Get to Rob's in Walla Walla about 6pm the night before. Start helping process the hamburger from his 5x5 muley buck just 5 days earlier. "Lets go take a quick ride and see if we cant spot some bucks in the two areas we are going to hit tomorrow" and off we go. Its nearly dark but we see shooter bucks at both locations! Now just need to make sure to get up earlier enough to stake our claim. We decided to hunt the same draws as last week that produced Rob's buck and the monster 220ish that we caught side of.
Up early and make it to the first spot a little before 6am and no one has taken our spot! Its still dark and all is quite. Its looking to be a perfect morning to opening day. No wind, partial cloud cover and a perfect mid 40s temp. A couple of trucks pull into the draw next to us. Obvious a hunting team but we hare a good 1/2 mile away and there is lots of room. Still, Rob and I decided to start walking a bit early to make sure we dont get pushed out. No way we can walk as far in as last time so we wanna check a couple of draws and then set up on top of the ridge.
Off we go walking at a good but slow and watchful pace. Checking draws and cuts as we go till we come to the area were we first stopped the bucks last weekend. Nope, nothing. So up the side of the hill we go, looking to get to the top, set up and take a look around. Not twenty feet from the top, what do we see? Hunters! WTF? The bastards from the hunting party made a dash to our draw ridge just to push us out.
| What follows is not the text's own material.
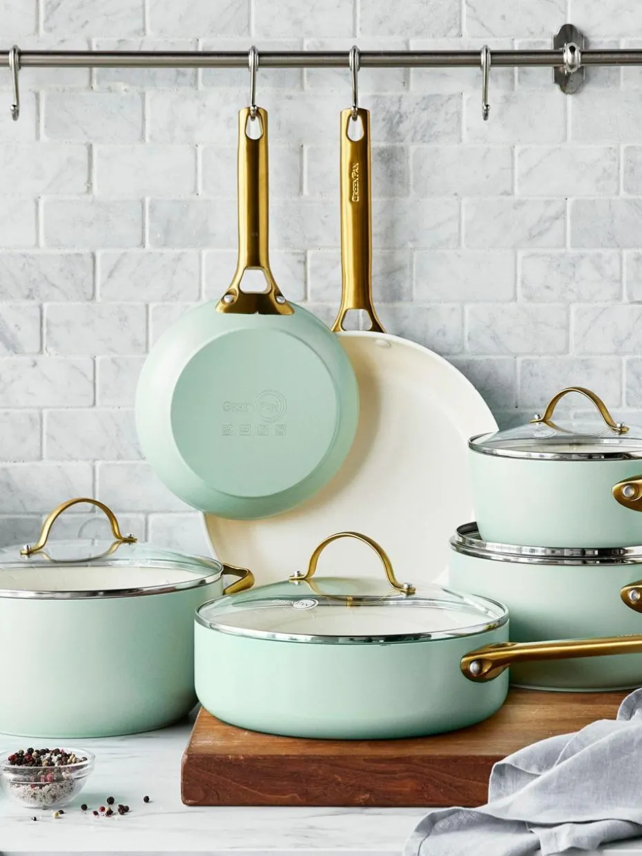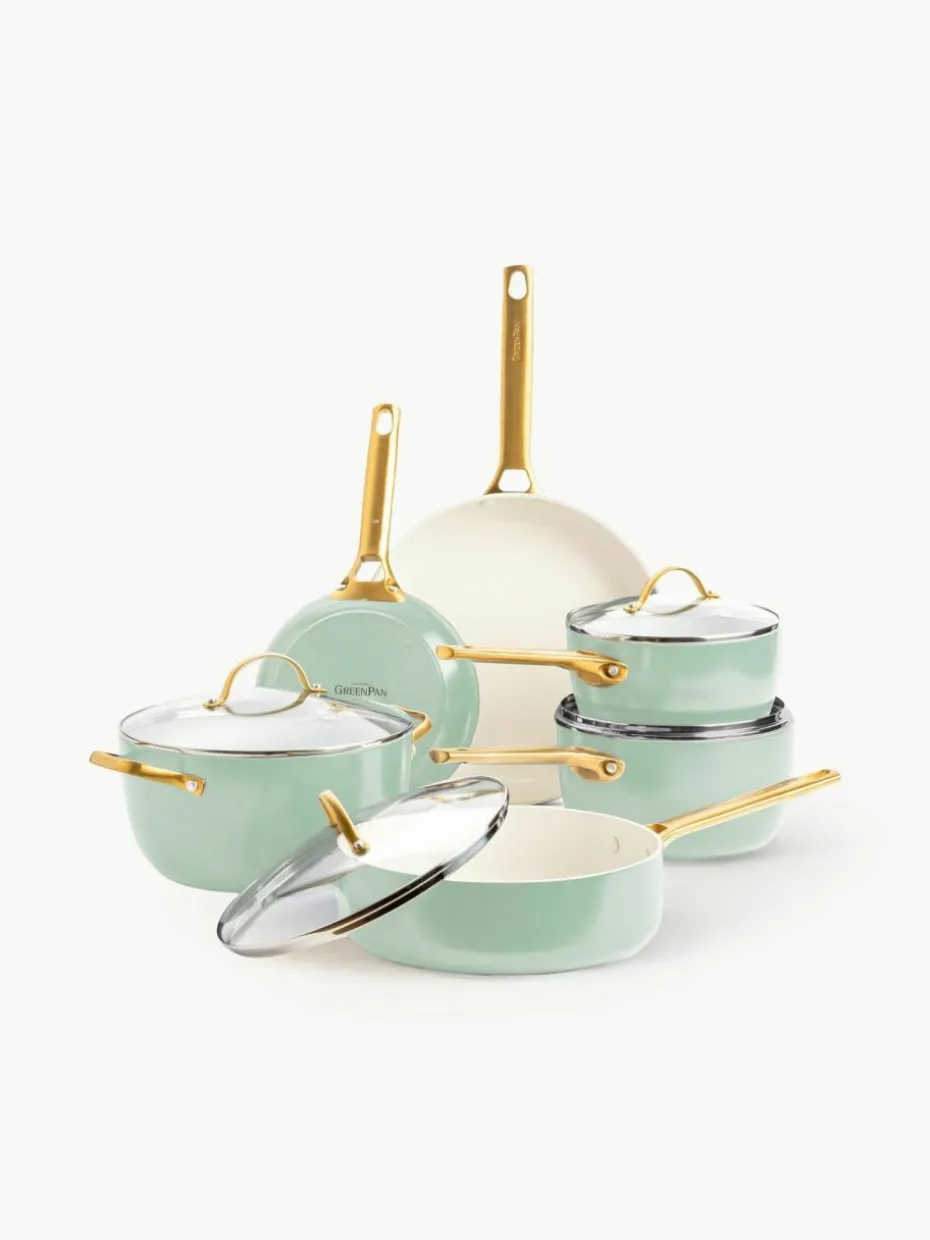 Das zehnteilige Kochtopf-Set besteht aus zwei Kochtöpfen mit Deckeln, einem Suppentopf mit Deckel, zwei Bratpfannen und einer Schmorpfanne mit Deckel.

Half tempted to pop a few rounds off to repay the favor, but it is what it is and not unexpected behavior for 95% of the weekend warriors looking to fill tags in the Dayton/Walla Walla area. 
So with that we decided to head to our second location and start to make our way back down the hill/draw. About 2/3 of the way down, I look over and about 200 yards further down and towards where the hunting group parked, I see a shooter buck! Nothing special. Maybe a 3/4 with velvet dripping in lose strands from his antlers. Decent enough to take a shot at though. He drops down into a draw so we hurry our way to the top. Spot a doe farther down towards the road. It takes another couple of minutes before we see the buck again. Still 200+ yards away, looking right at us but giving us his side profile. I get into a sitting stance, get the aim sticks in front of me. Try to rest the 25-06 in the V but the buck starts to move. I try to move the sticks, but when he stops I have one on the ground, one off and am forced to take aim. I aim a little high thinking the distance will give a slight drop to the bullet. BANG! The Muley buck starts to trot away heading up and over the hill. An obvious miss. I reposition and Rob gives a little whistle, the buck stops. Again, not in a stable position to take the shot but do it anyway. BANG! And this time, up and over the top the buck goes. Aimed to high and missed again. 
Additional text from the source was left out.